In each group, the corresponding proportions of radiographic nonprogressors were 79.8% in the remission group, and 78.1%, 74.1%, and 58.4% in the low, moderate, and high disease activity groups, respectively. A higher proportion of patients demonstrated no rapid radiographic progression at year 1 compared with patients who demonstrated ≤1 change in mTSS at year 1 (96.1% vs 83.9%).

Investigators evaluated 1-year radiographic progression based on DAS28-ESR at week 24/30, and found that across all treatments combined, the odds ratio of the proportion of radiographic nonprogressors was lowest in the high disease activity group (0.35; 95% CI, 0.23-0.54) compared with the moderate and low disease activity groups (0.72 and 0.90).

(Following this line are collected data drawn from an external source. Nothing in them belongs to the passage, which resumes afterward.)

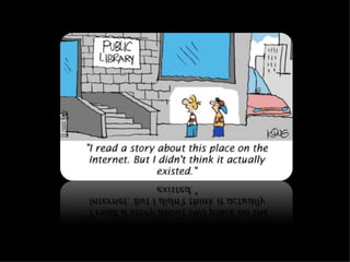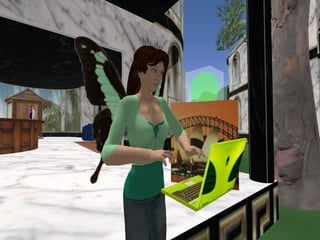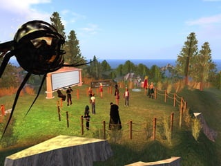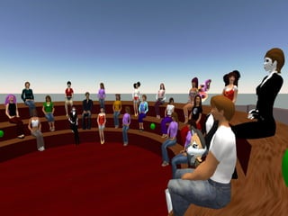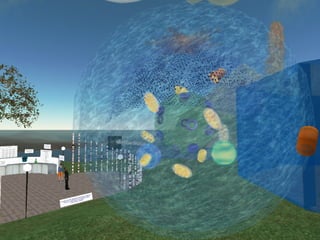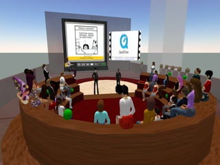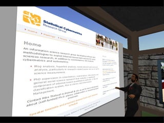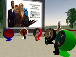 The document discusses the evolution of libraries from Library 1.0 to Library 2.0 and perspectives on virtual libraries in the future, termed Library 3D. It provides examples of libraries with presences in Second Life and summarizes preliminary research results from a survey of 19 librarians with Second Life experience. Key activities for libraries in Second Life included volunteering, exhibits, events, and classes. Challenges included hardware requirements, firewalls, and learning curves, but opportunities for research, teaching, and collaboration were seen as important to explore.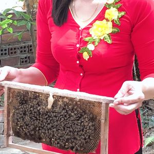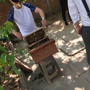 蜂の巣をもっての写真撮影。蛇との写真撮影は、貴重な体験でした。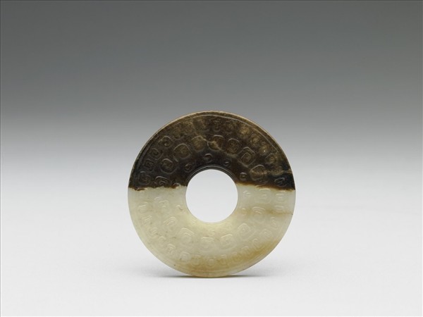 玉璧,器身有細璺,一面飾有回紋及穀紋,一面為對稱紋樣。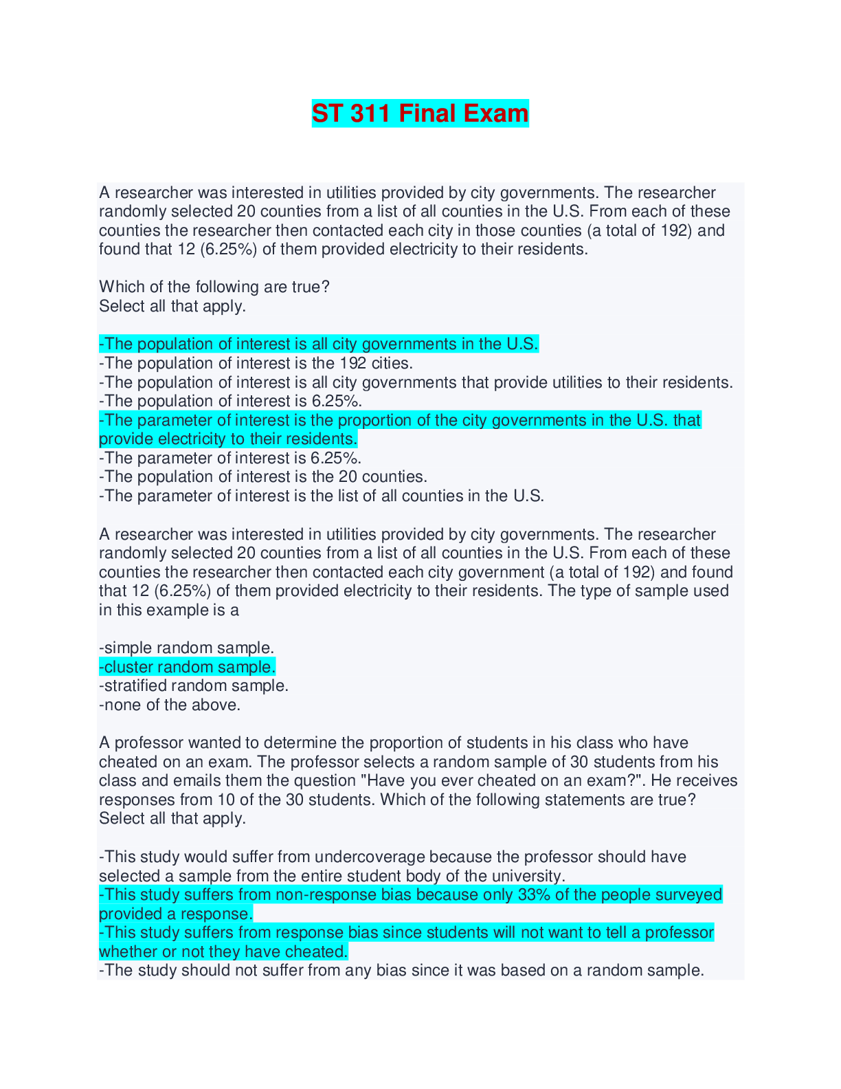 Statistics > EXAM > ST 311 Final Exam | Questions and Answers (Complete Solutions) (All)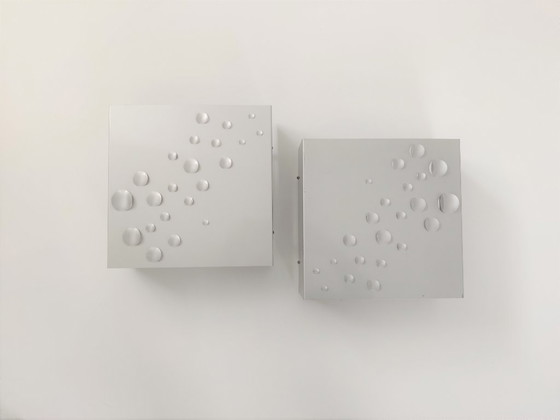 Two impressive wall lamps by Raak. The type is C1627. The lamp is called Zonneregen (Rain of Stars) because the light shines through the various openings. The lamps are marked; this is the large version. The small version is type C1624. The suspension for the lamps is still present. Plugs and bulbs are not included. The lamps have a few light stains, but are in good condition overall.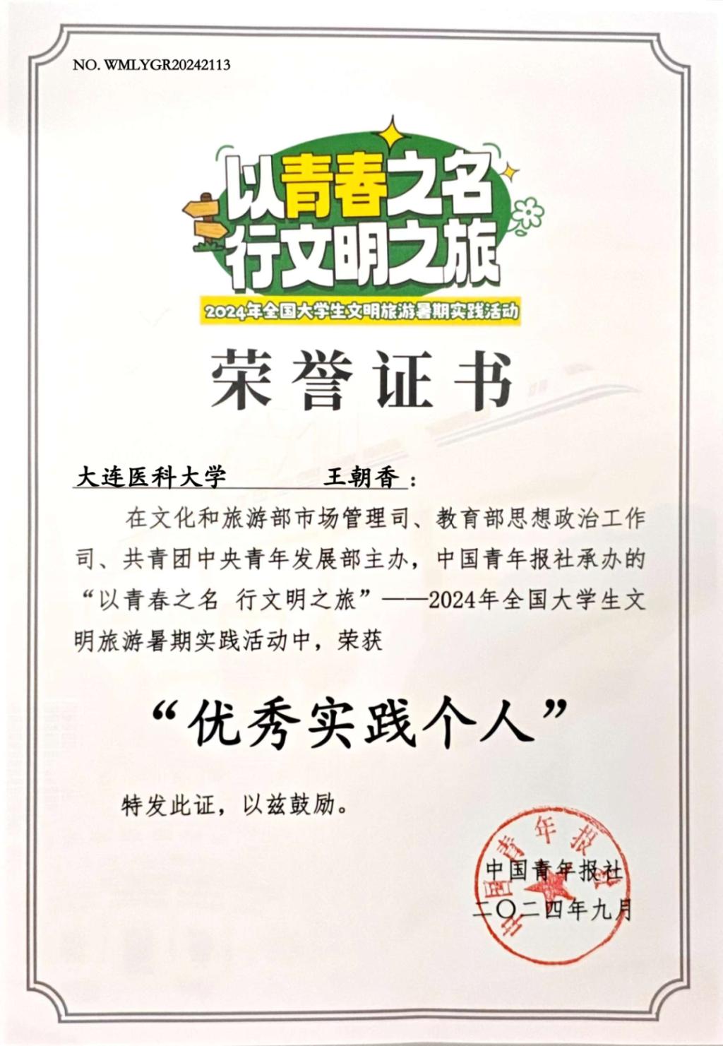 beat365官方网站中文多名师生在“以青春之名 行文明之旅”——2024年全国大学生文明旅游暑期实践活动中荣获“优秀指导老师”、“优秀组织者”、“优秀实践个人”称号。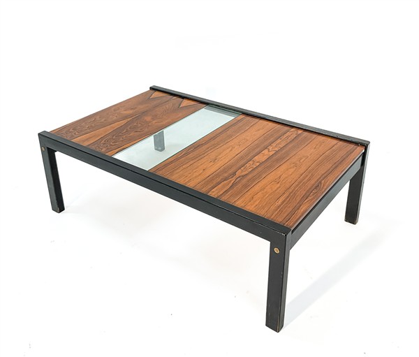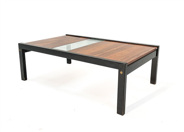 Tavolino da caffè modello "T68". Produzione Tecno, Varedo, anni '60. Legno massello e verniciato nero con fascia in vetro. (cm 122x41x75) (difetti e restauri)
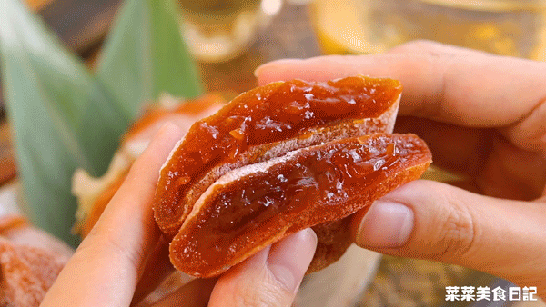60天柿饼果肉内部充分糅合,果肉口感像蜜脂果冻一样,入口醇滑软糯,非常美妙。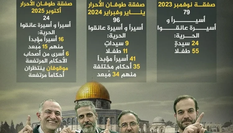 وأضاف أن صفقة “طوفان الأحرار” يناير وفبراير 2024 شملت الإفراج عن 96 أسيراً وأسيرة، بينهم 9 نساء و11 طفلاً، و41 أسيراً مؤبداً، و35 آخرين بأحكام مختلفة، تم ترحيل 34 منهم خارج الوطن.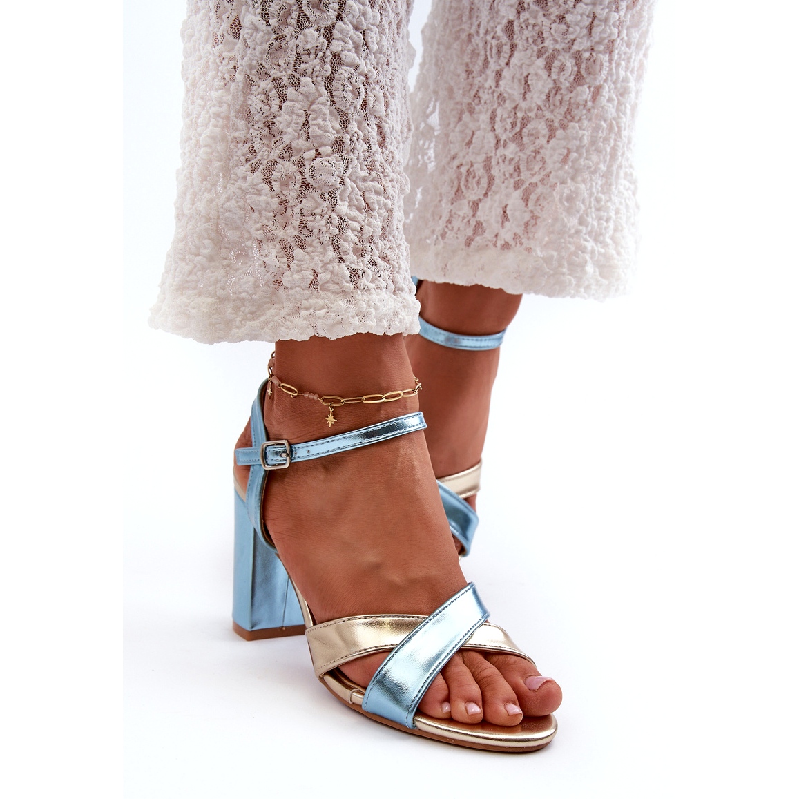 Valitse Eco Leather High Heel Sandaalit Blue and Gold yhdistääksesi eleganssia mukavuuteen ja lisätäksesi ylellisyyttä jokapäiväiseen tyyliisi!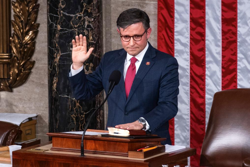 2023年10月25日,在美国华盛顿国会,新当选的众议院议长迈克·约翰逊宣誓就职。新华社发(亚伦摄)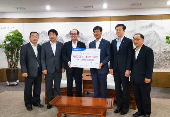 | | ¨Ï ¿Â¾ç½Å¹® | | Ãæ³²µµ´Â 9¿ù 1ÀÏ µµÃ» Á¢°ß½Ç¿¡¼ NH³óÇùÀºÇà Ãæ³²¿µ¾÷º»ºÎ·ÎºÎÅÍ Á¦97ȸ Àü±¹Ã¼À°´ëȸ ¼º°ø °³ÃÖ ÈÄ¿ø±Ý 1¾ï 2õ¸¸ ¿øÀ» Àü´Þ¹Þ¾Ò´Ù.
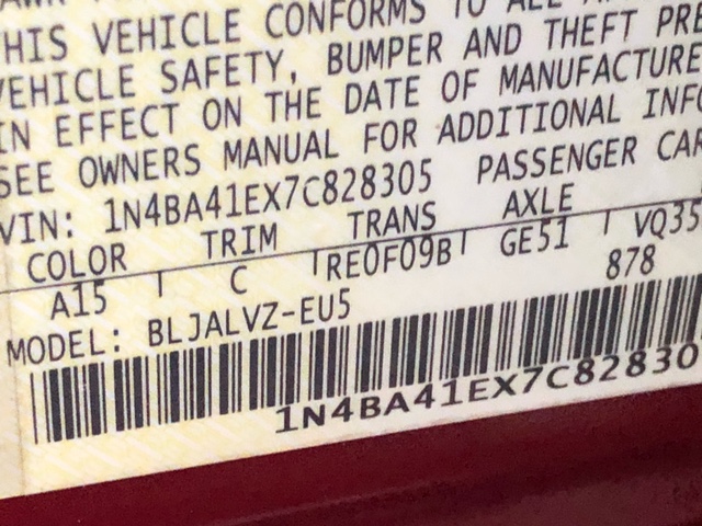 | VIN1N4BA41EX7C828305 | MakeNissan | ModelMaxima | Year2007 | TrimVariable

Similar results were noted at week 12/14.

Study limitations included differences between the 3 studies: differences in disease duration and baseline mTSS; the use of disparate but qualified X-ray readers; no evaluation of differences in radiographic progression by product or between biosimilars.

“Our pooled radiographic assessment data…showed that radiographic progression is minimal overall but increases as disease activity worsens, despite using TNF inhibitors,” the researchers concluded. “Thus, in line with treat-to-target recommendations, [moderate or high disease activity] are unacceptable states when treating patients with TNF inhibitors, even from the standpoint of radiographic progression of joint damage.”

Disclosure: This clinical trial was supported by Samsung Bioepis Co, Ltd. Several study authors declared affiliations with the pharmaceutical industry. Please see the original reference for a full list of authors’ disclosures.

Reference

Smolen JS, Choe J-Y, Weinblatt ME, et al. Pooled analysis of TNF inhibitor biosimilar studies comparing radiographic progression by disease activity states in rheumatoid arthritis. 2020;6(1):e001096.